Of thoracic aortic aneurysms, those involving the aortic root or ascending aorta are most common (60%), followed by the descending aorta (40%), the aortic arch (10%), or the thoracoabdominal aorta (10%); the percentages add up to greater than 100% because, although most aneurysms are localized, some extend across more than one segment, such as ascending aortic aneurysms that extend into the arch. Moreover, patients with aneurysms in one segment of the aorta may develop discrete aneurysms elsewhere in the aorta; consequently, when an aortic aneurysm is first detected, one should image the remainder of the thoracic and abdominal aorta to see that there are no unrecognized aneurysms elsewhere. However, given the limitations of echocardiographic imaging, surveillance of the entire aorta is best performed using either CT or MRI.
The most common known causes of aneurysms of the aortic root and/or ascending aorta are bicuspid aortic valve disease, familial thoracic aortic aneurysm syndrome, Marfan syndrome, and Turner syndrome. Less common connective tissue disorders, such as Loey-Dietz syndrome and Ehlers-Danlos syndrome type IV (vascular type), or systemic arteritides such as giant cell arteritis can cause aneurysms as well.

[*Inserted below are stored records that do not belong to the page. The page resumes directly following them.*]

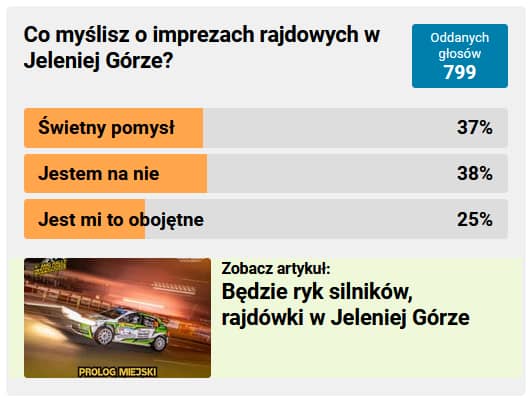 W naszej ostatniej sondzie pytaliśmy Czytelników o sam pomysł organizacji imprez rajdowych w Jeleniej Górze. Fanów rajdów jest dużo. W głosowaniu wzięło udział 799 osób. 37% ankietowanych uważa, że to znakomity pomysł, podobna liczba (38%) jest na nie, a pozostali nie mają zdania.
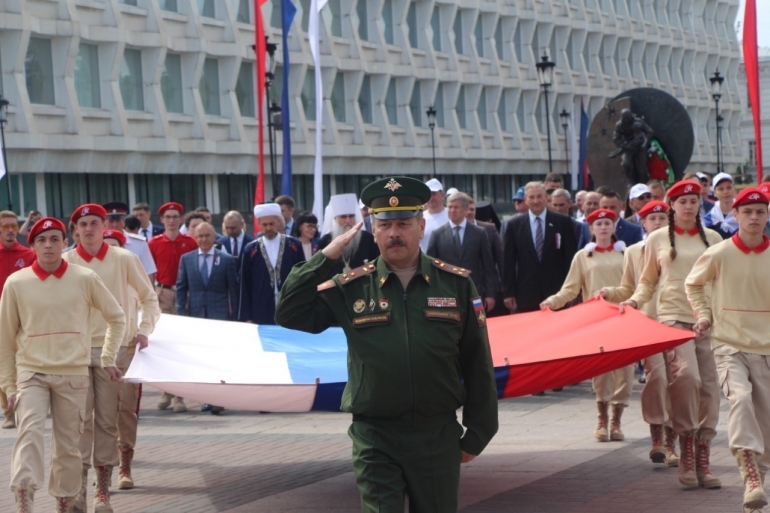 Также в День России в самом центре города прошло шествие: от Педагогического университета до Соборной площади прошлись именитые спортсмены, бойцы Федерации кикбоксинга Ульяновской области.
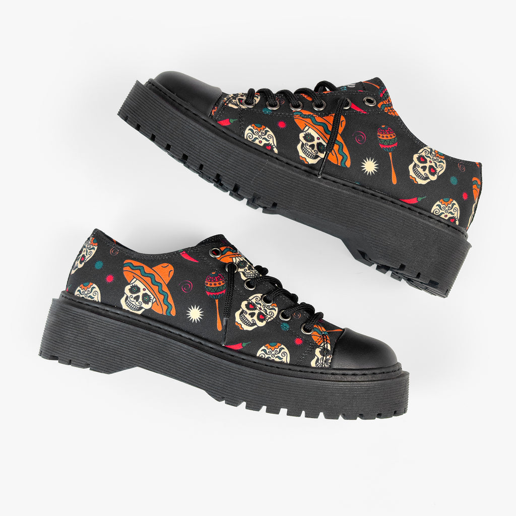 Tênis Cano Baixo Plataforma Preto Caveiras Mexicana Maracas Caveiras, confeccionado em lona, com cores e estampas exclusivas.
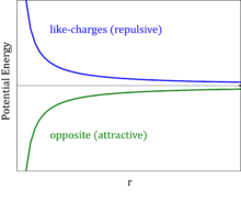 It is often more convenient to discuss intermolecular forces in terms of the potential energy of the interaction. The potential energy of the interaction of two charged particles, labelled A and B, can be determined by integrating the force experienced between the particles if they were moved from infinite separation where the intermolecular interaction is zero, to the distance () they are actually separated by,

However, the majority of ascending thoracic aortic aneurysms remain idiopathic. Marfan syndrome affects primarily the aortic root with relative sparing of the ascending thoracic aorta ( Fig. 34.11A ), but there is sometimes effacement of the STJ that produces pear-shaped aortic dilatation that is often referred to as annuloaortic ectasia (see Fig. 34.11B ). In patients with bicuspid aortic valves, most often the ascending thoracic aorta alone is dilated (see Fig. 34.11C ), less often the root alone is dilated, and in some cases, both the root and ascending aorta are dilated (see Fig. 34.11D ).